▶ [HOW TO COMPLETE THIS TASK]: Each line of the data is to be output verbatim, with the images removed.

▶ [DATA SEGMENT]:
::::::

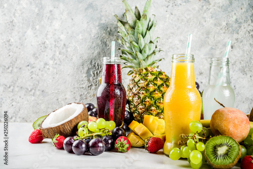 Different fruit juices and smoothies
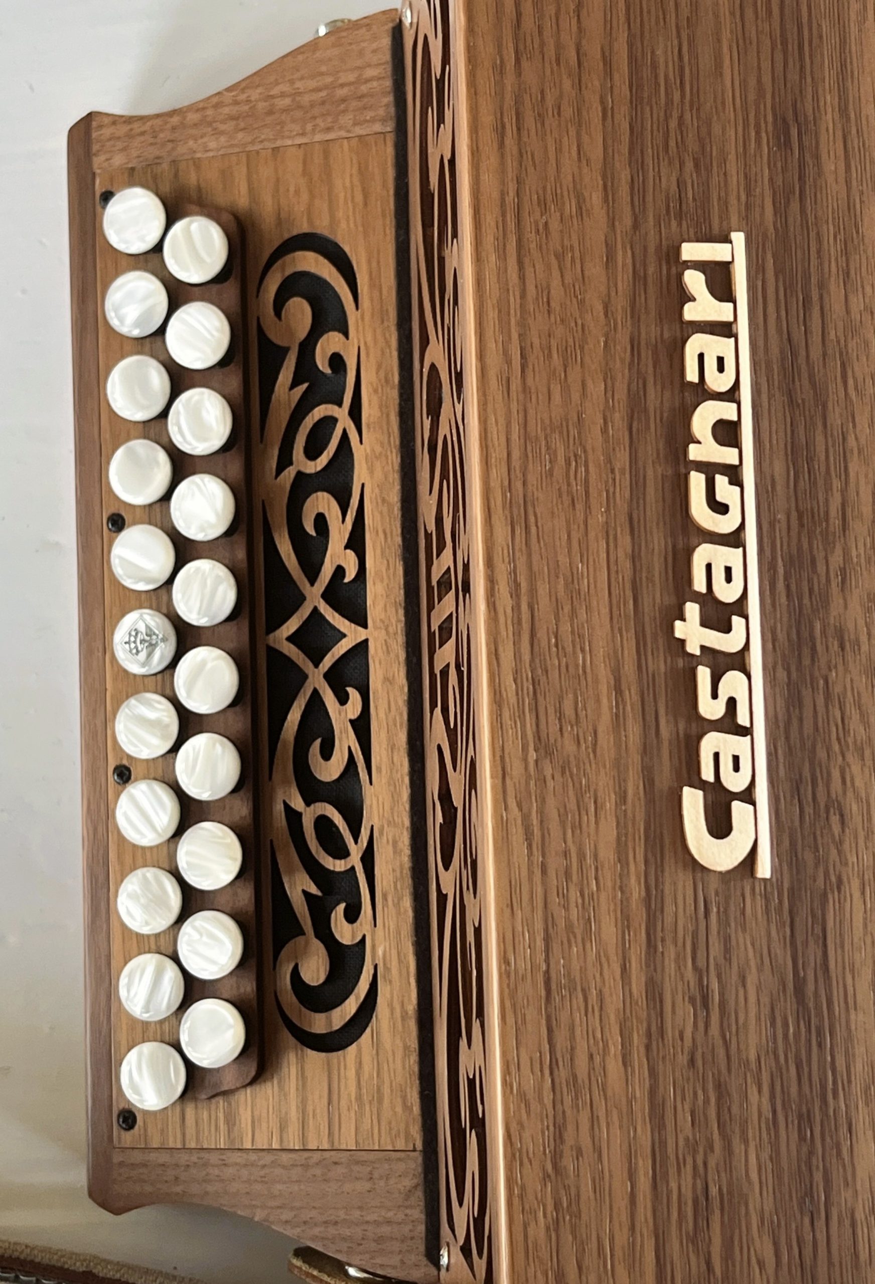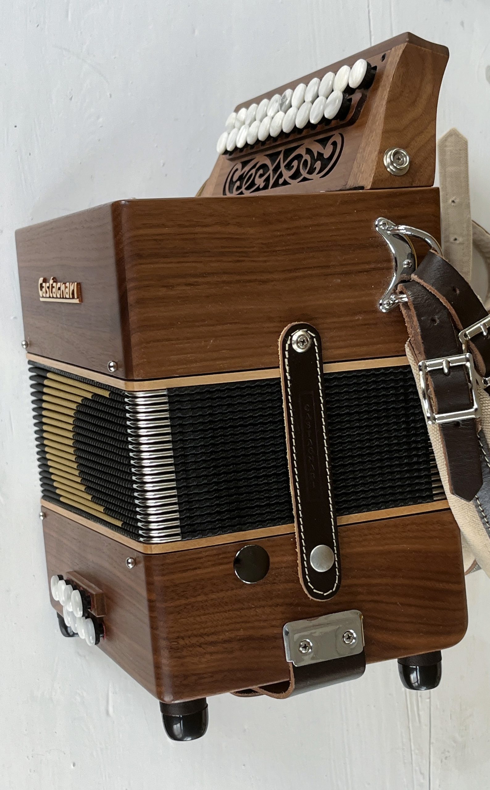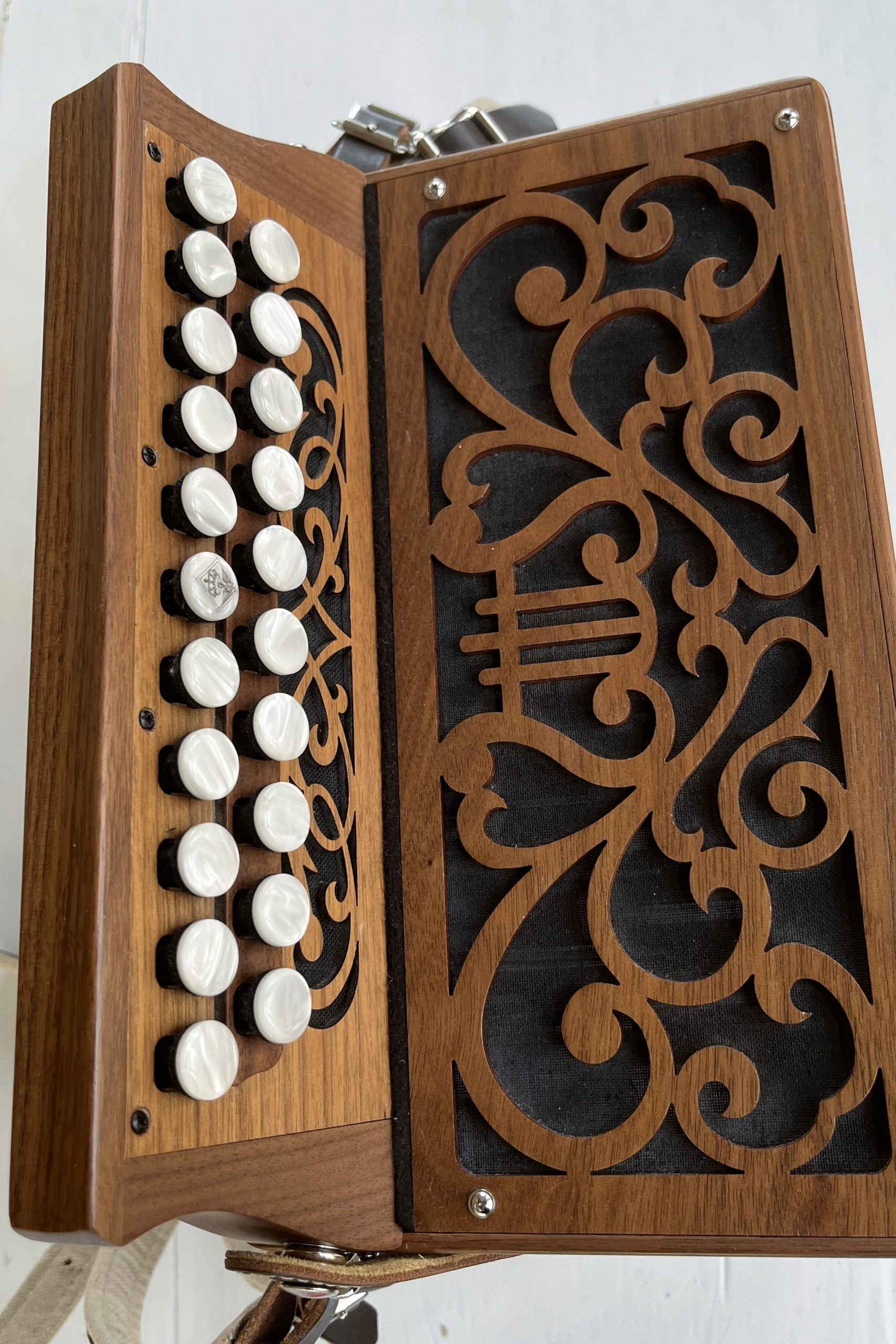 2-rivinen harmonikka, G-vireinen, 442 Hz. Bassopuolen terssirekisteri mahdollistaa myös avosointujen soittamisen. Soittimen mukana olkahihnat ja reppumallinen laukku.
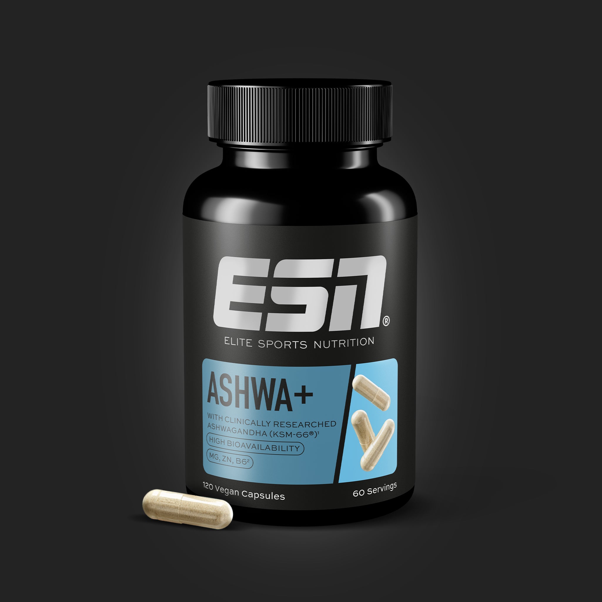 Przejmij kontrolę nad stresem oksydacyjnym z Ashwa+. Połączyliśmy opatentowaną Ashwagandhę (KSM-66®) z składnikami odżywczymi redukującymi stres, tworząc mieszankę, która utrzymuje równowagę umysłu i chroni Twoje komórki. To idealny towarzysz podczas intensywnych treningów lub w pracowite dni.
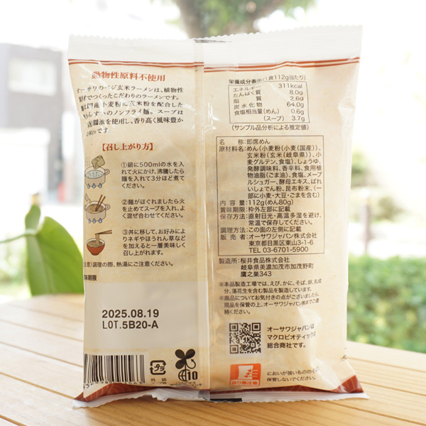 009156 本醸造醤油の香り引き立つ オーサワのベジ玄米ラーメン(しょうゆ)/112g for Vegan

::::::

▶ [EXERCISE RESULT]:
 Different fruit juices and smoothies
 2-rivinen harmonikka, G-vireinen, 442 Hz. Bassopuolen terssirekisteri mahdollistaa myös avosointujen soittamisen. Soittimen mukana olkahihnat ja reppumallinen laukku.
 Przejmij kontrolę nad stresem oksydacyjnym z Ashwa+. Połączyliśmy opatentowaną Ashwagandhę (KSM-66®) z składnikami odżywczymi redukującymi stres, tworząc mieszankę, która utrzymuje równowagę umysłu i chroni Twoje komórki. To idealny towarzysz podczas intensywnych treningów lub w pracowite dni.
 009156 本醸造醤油の香り引き立つ オーサワのベジ玄米ラーメン(しょうゆ)/112g for Vegan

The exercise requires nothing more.